The correct answer is:

**1. It determines how much of the cell state should be output as the hidden state**

In an **LSTM cell**:

* **Forget gate** → decides what to erase from memory.
* **Input gate** → decides what new information to add.
* **Output gate** → decides how much of the **cell state** is revealed as the **hidden state (hₜ)** for the next time step and for predictions.

So the **output gate controls exposure of memory to the outside**.

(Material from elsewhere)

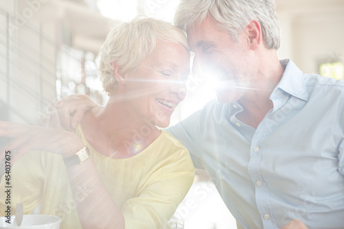 © KOTO, Obraz premium Older couple hugging with coffee cup
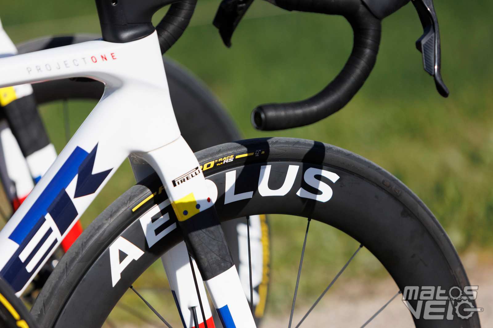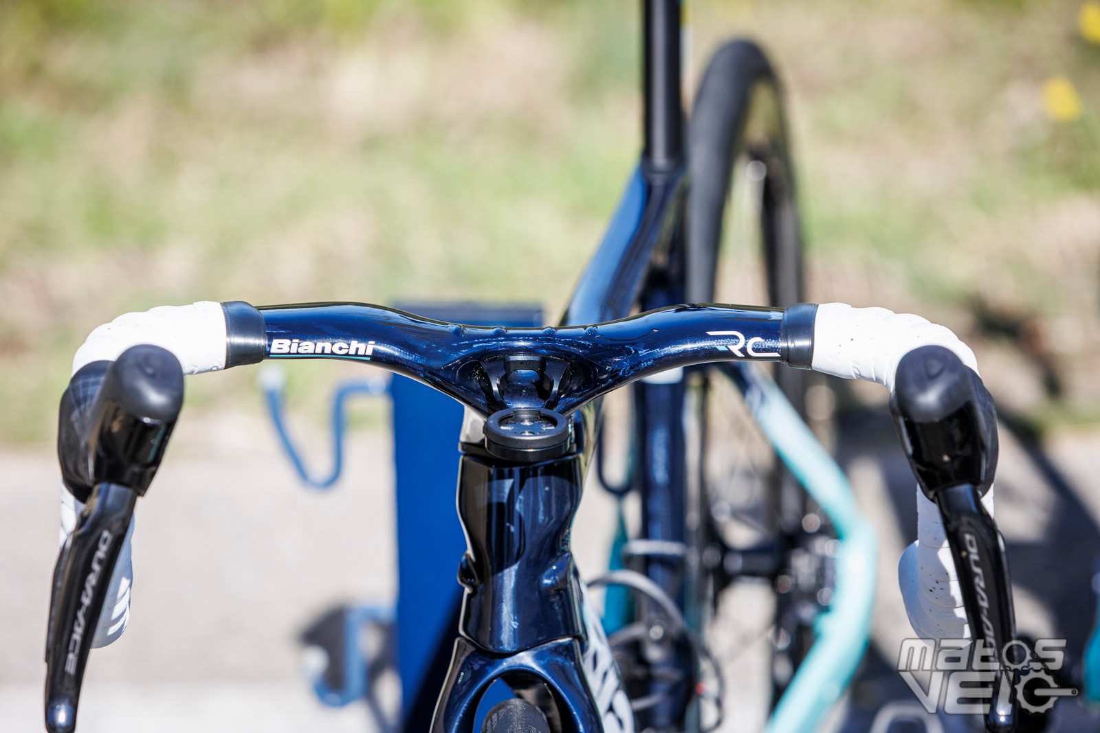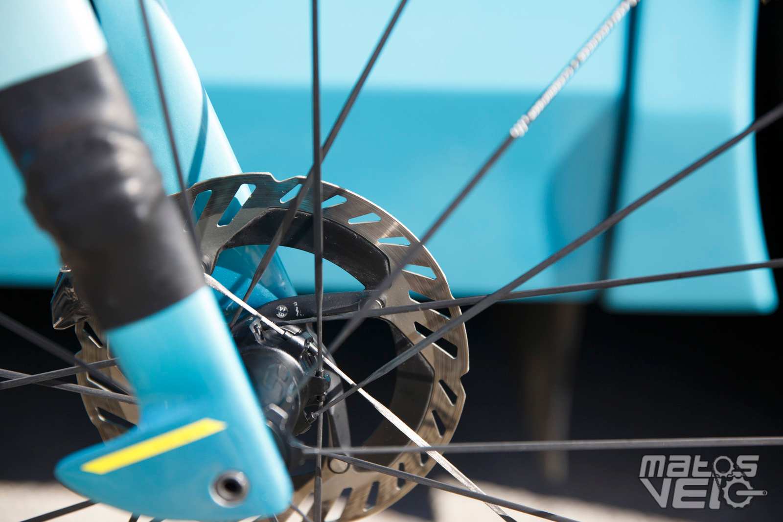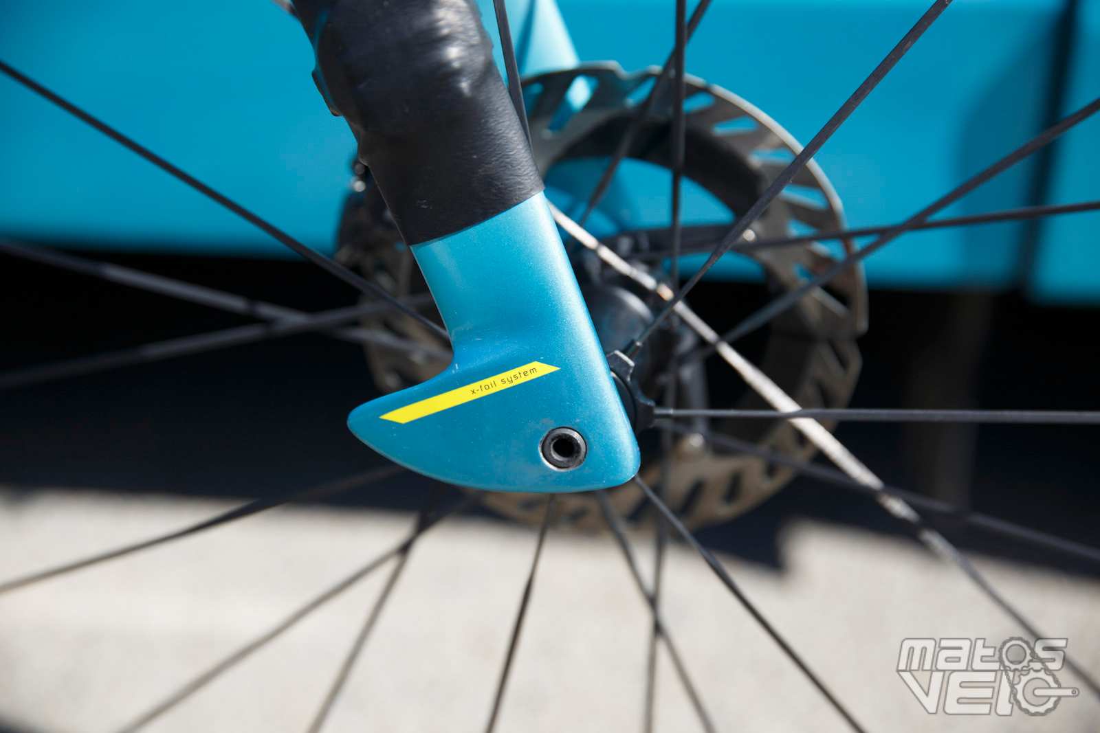 Une jolie pièce de carbone, au reflets bleutés au soleil. Un concept qui reprend ce que Cervélo avait inauguré avec son S5 et qui fut ensuite copié chez Colnago pour le Y1RS.

### Q28. Why is the Transformer architecture considered more scalable than RNNs for long sequences? 
1. It uses fewer parameters 
2. It processes sequences in parallel rather than sequentially 
3. It has a simpler implementation 
4. It is specifically designed for short sequences

The correct answer is:

**2. It processes sequences in parallel rather than sequentially**

* **RNNs/LSTMs/GRUs** process input **step by step**, which makes them **slow** and hard to scale for long sequences.
* **Transformers** use **self-attention**, allowing **all tokens to be processed simultaneously** → enabling **parallelization on GPUs/TPUs**.
* This parallelism makes Transformers **far more scalable** for **long sequences** compared to RNNs.


### Q29. Which of the following does the "query" vector represent in the context of attention mechanisms? 
1. The context vector for the entire sequence 
2. A vector that is compared against keys to compute attention scores 
3. The input to the encoder 
4. The output of the decoder

The correct answer is:

**2. A vector that is compared against keys to compute attention scores** 

In **attention mechanisms**:

* **Query (Q)** → represents what we are looking for (e.g., the current decoder state).
* **Key (K)** → represents the attributes of the input sequence elements.
* **Value (V)** → contains the actual information to be aggregated.

The **query** is matched against the **keys** to produce **attention scores**, which are then used to weight the **values**.


### Q30. In a Transformer model, how does self-attention differ from cross-attention? 
1. Self-attention only considers the query sequence itself, while cross-attention involves both  the query and a separate context 
2. Self-attention is used only during inference, while cross-attention is used during training 
3. Self-training computes attention between different models, while cross-attention is withing a single model 
4. Self-attention involves multiple sequence, while cross-attention is limited to a single sequence

The correct answer is:

**1. Self-attention only considers the query sequence itself, while cross-attention involves both the query and a separate context**

* **Self-attention** → Query (Q), Key (K), and Value (V) come from the **same sequence**. Example: encoder self-attention lets each token attend to all tokens in the input.
* **Cross-attention** → Q comes from the **decoder**, while K and V come from the **encoder output**. Example: in machine translation, the decoder attends to the encoder’s representation of the source sentence.

This is how the Transformer decoder connects input (source) and output (target) sequences.